Dienstag 03.05.2016
Von Bajram Curr nach Shkodra
Nach dem Frühstück kläre ich mit dem Hotel, dass wir noch bis Mittag im Zimmer bleiben können. Es regnet und wir haben keine große Lust bei diesem Wetter einen Ausflug ins Valbona-Tal zu machen, wo man vermutlich eh nicht viel sehen kann.
So vertrödeln wir den Vormittag auf dem Zimmer. Ich kümmere ich um meine Arbeit und Markus macht irgendwann noch ein Schläfchen.

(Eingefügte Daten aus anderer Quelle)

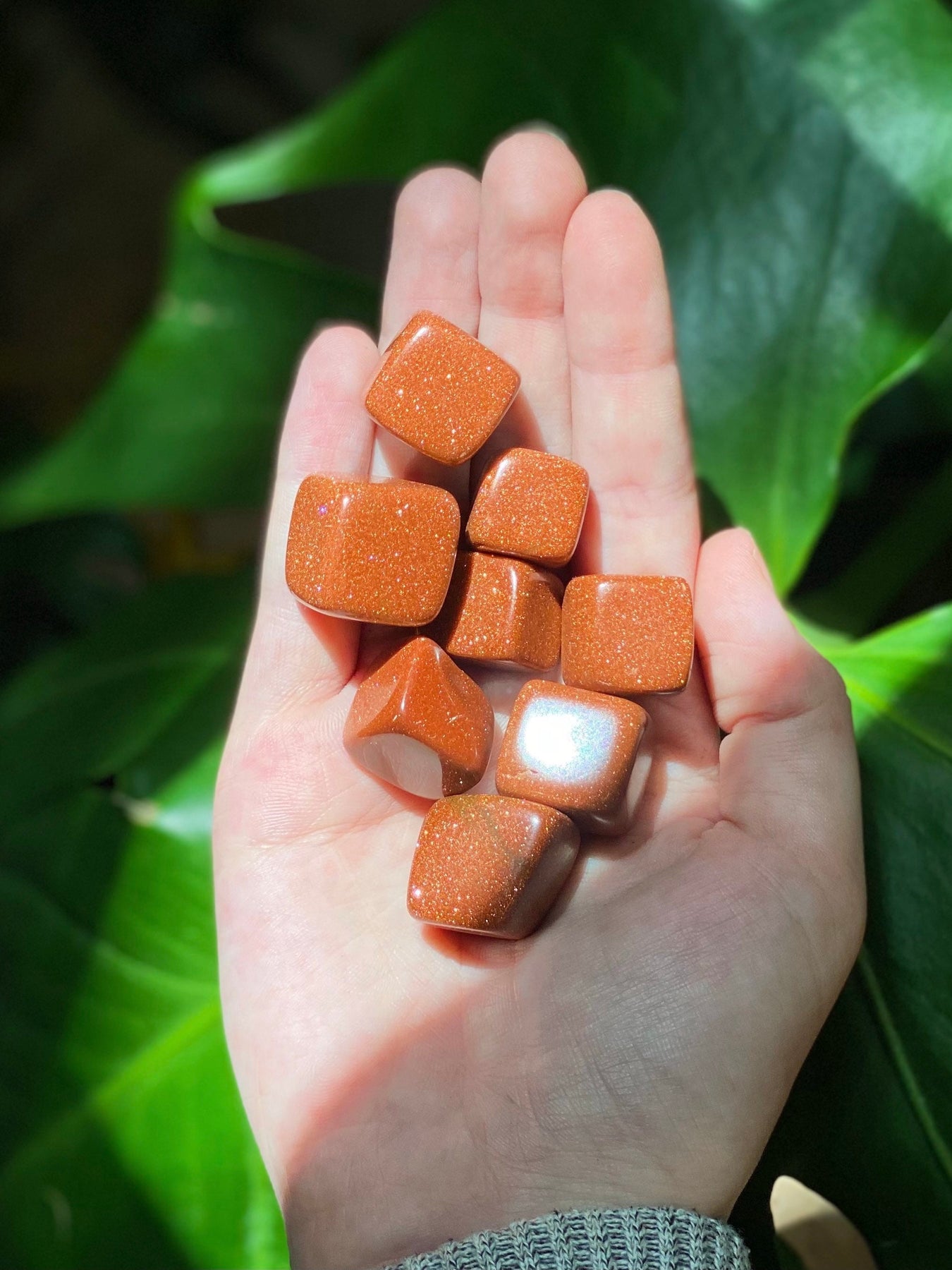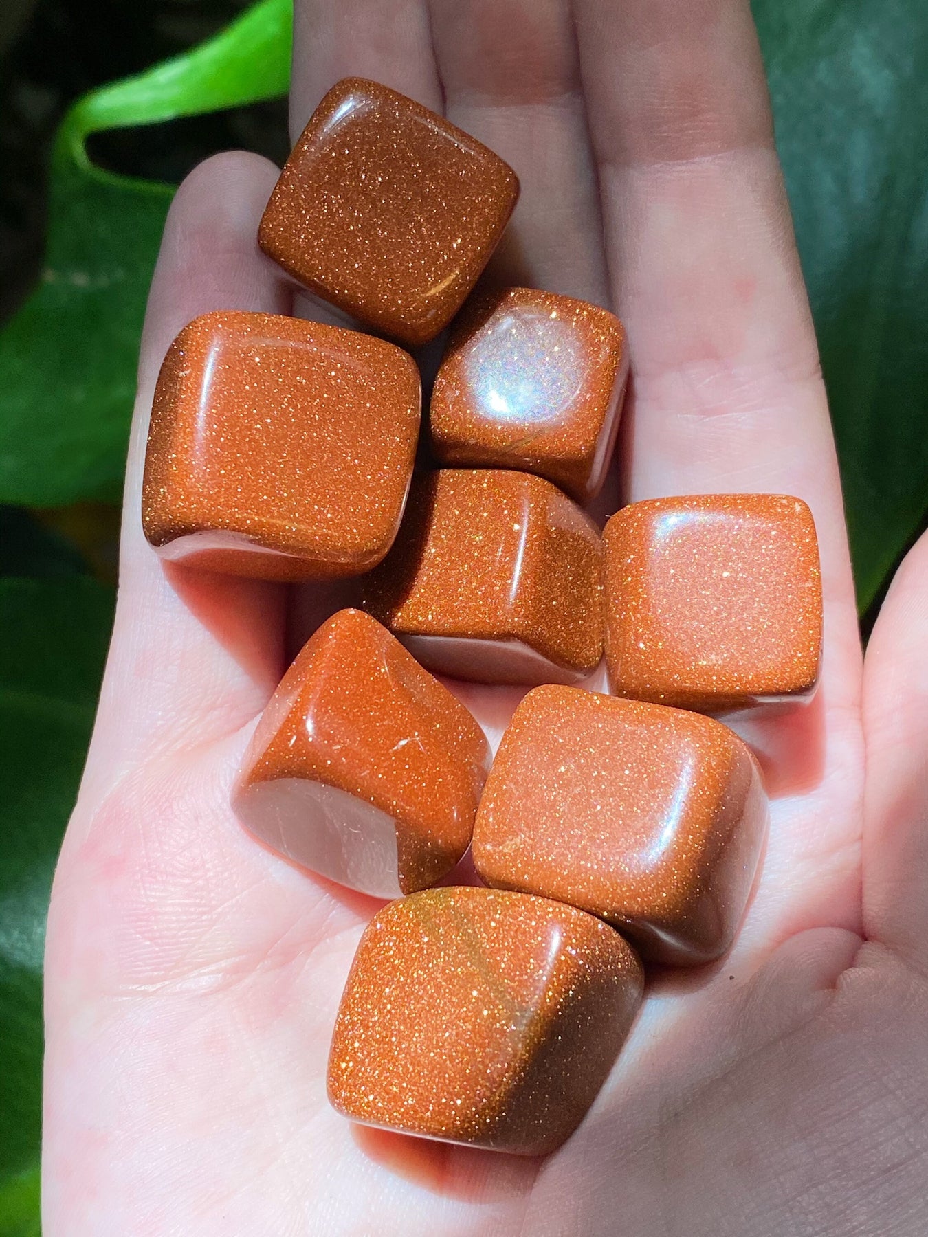 Goldstone is said to be the stone of ambition. It helps to build energy, courage, and confidence while also uplifting you. Goldstone is a synthetic crystal. Natural goldstone does not exist. Many believe it to still have energy of a natural crystal since it has natural copper flecks in it.

Gegen 12 Uhr mache ich mich langsam bereit für den Aufbruch und auch Markus wacht auf und fängt an sich anzuziehen. Auf einmal Schreie aus seiner Richtung. Beim Anziehen seiner Hose oder seiner Socken ist ihm die Hexe in den Rücken gefahren. So eine Scheisse!
Markus meint, ich könne nichts für ihn tun. Jetzt helfe nichts weiter als seine Tabletten und 2-3 Tage liegen. Ich solle mich auf die Fähre auf machen und die nächsten Tage mein eigenes Programm machen. Dann treffen wir uns wieder, so der in aller Eile gemachte Plan.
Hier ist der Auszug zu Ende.